Information provided.
┄┄┄┄┄┄┄┄┄┄
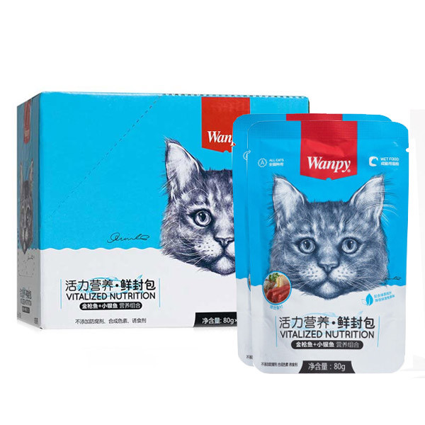 پوچ گربه ونپی "Wanpy" با طعم ماهی تن و ماهی سفید بسته 10 عددی 80 گرم
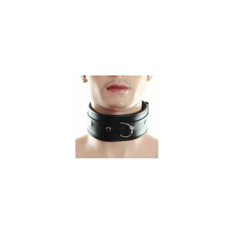 Simple and aesthetic black leather collar, with a metal ring on the front to hang a leash or a carabiner. This ring is held by a thin leather strap and riveted. Rivets are visible all around the collar.
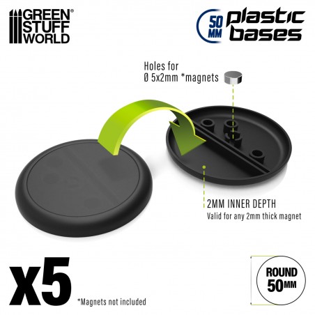 These 50 mm round plastic bases with rounded edges are designed for larger miniatures used in modeling, wargaming, role-playing games, and miniature collections. Their generous diameter provides a stable and balanced platform, making them ideal for large characters, massive creatures, or command models that require more space for scenic basing.
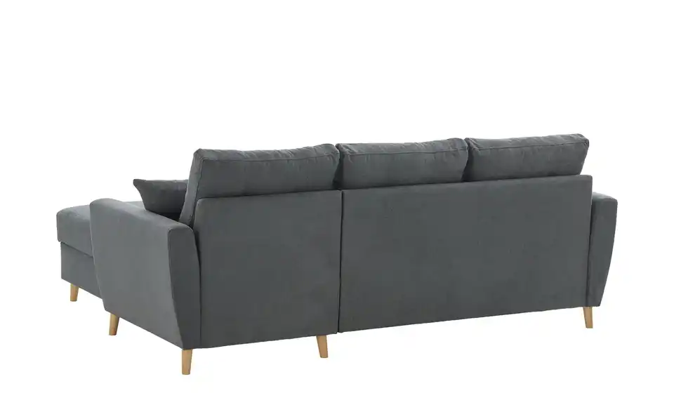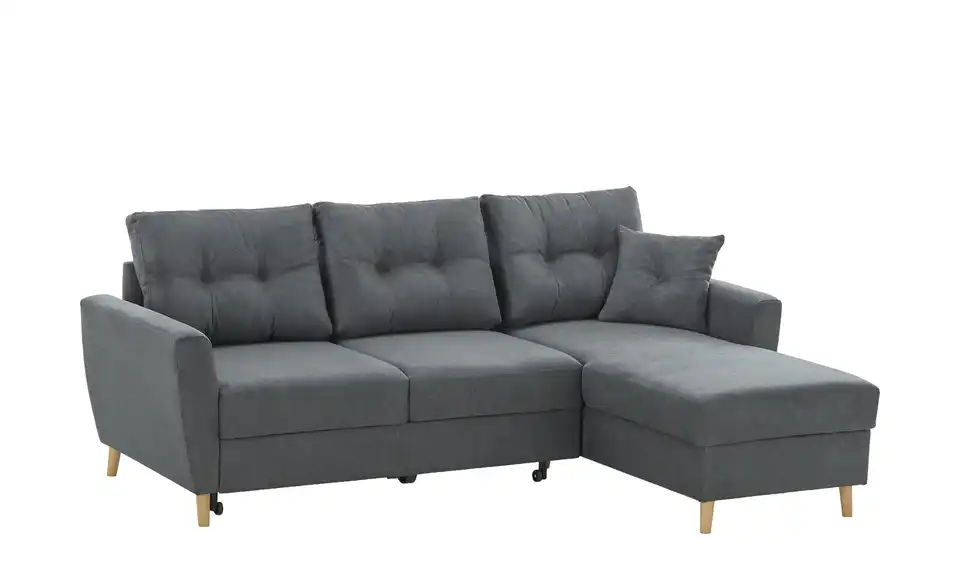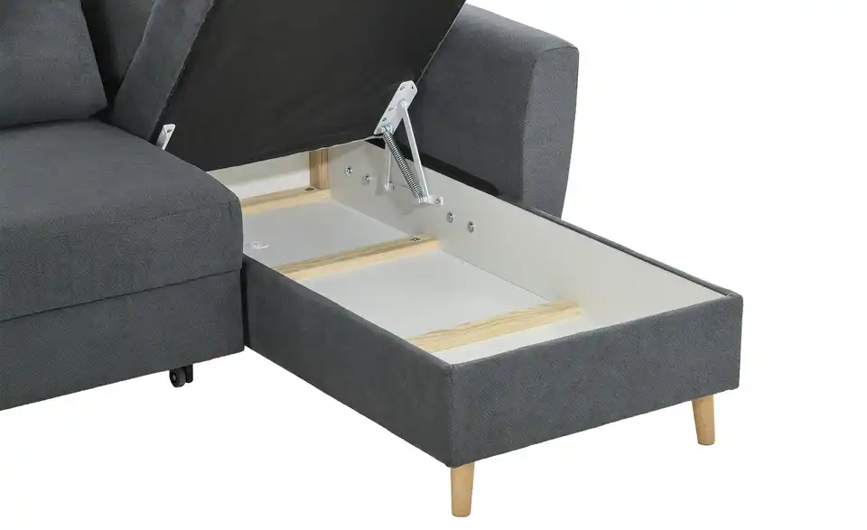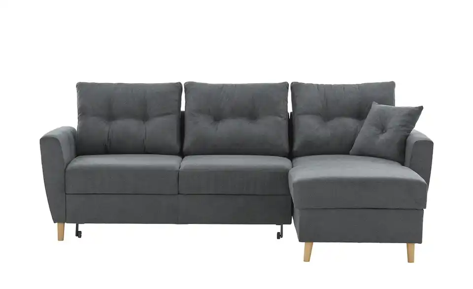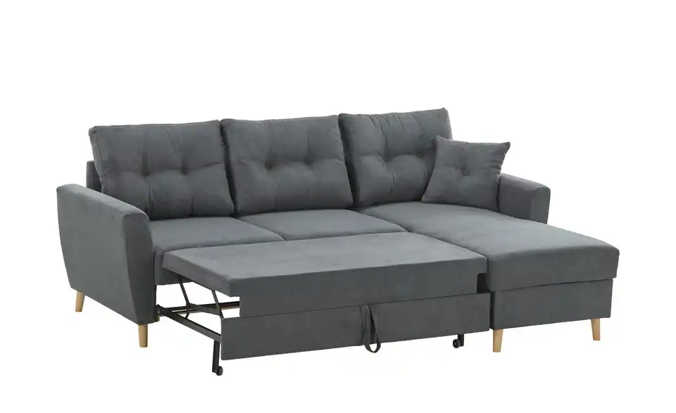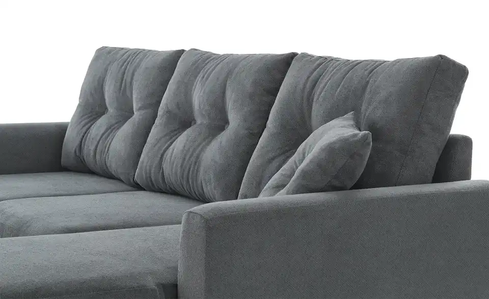 Platz nehmen, zurücklehnen und genießen: Das Ecksofa Carla sorgt für zusätzliche Gemütlichkeit. Die Couch kann dank des echt bespannten Rückens frei im Raum aufgestellt werden und lädt auch aufgrund der bequemen Polsterung aus Schaumstoff zum Relaxen ein. Sie besticht mit ihrem Gestell aus Massivholz. Um Zierkissen brauchen Sie sich keine Gedanken zu machen, denn diese sind bereits im Lieferumfang inbegriffen. Das Modell Carla dient aufgrund des praktischen Bettkastens als Stauraummöbel und nimmt insgesamt 230 x 93 x 159 cm ein. Dieses Sofa überzeugt als komfortable und ästhetische Ergänzung für Ihr Zuhause.Lieferung & Versand
┄┄┄┄┄┄┄┄┄┄
What the task asks. Write out, word for word, the line containing "Simple and aesthetic" and each line after it to the end of the data, and nothing more. Drop the pictures.

Solved problem.
 Simple and aesthetic black leather collar, with a metal ring on the front to hang a leash or a carabiner. This ring is held by a thin leather strap and riveted. Rivets are visible all around the collar.
 These 50 mm round plastic bases with rounded edges are designed for larger miniatures used in modeling, wargaming, role-playing games, and miniature collections. Their generous diameter provides a stable and balanced platform, making them ideal for large characters, massive creatures, or command models that require more space for scenic basing.
 Platz nehmen, zurücklehnen und genießen: Das Ecksofa Carla sorgt für zusätzliche Gemütlichkeit. Die Couch kann dank des echt bespannten Rückens frei im Raum aufgestellt werden und lädt auch aufgrund der bequemen Polsterung aus Schaumstoff zum Relaxen ein. Sie besticht mit ihrem Gestell aus Massivholz. Um Zierkissen brauchen Sie sich keine Gedanken zu machen, denn diese sind bereits im Lieferumfang inbegriffen. Das Modell Carla dient aufgrund des praktischen Bettkastens als Stauraummöbel und nimmt insgesamt 230 x 93 x 159 cm ein. Dieses Sofa überzeugt als komfortable und ästhetische Ergänzung für Ihr Zuhause.Lieferung & Versand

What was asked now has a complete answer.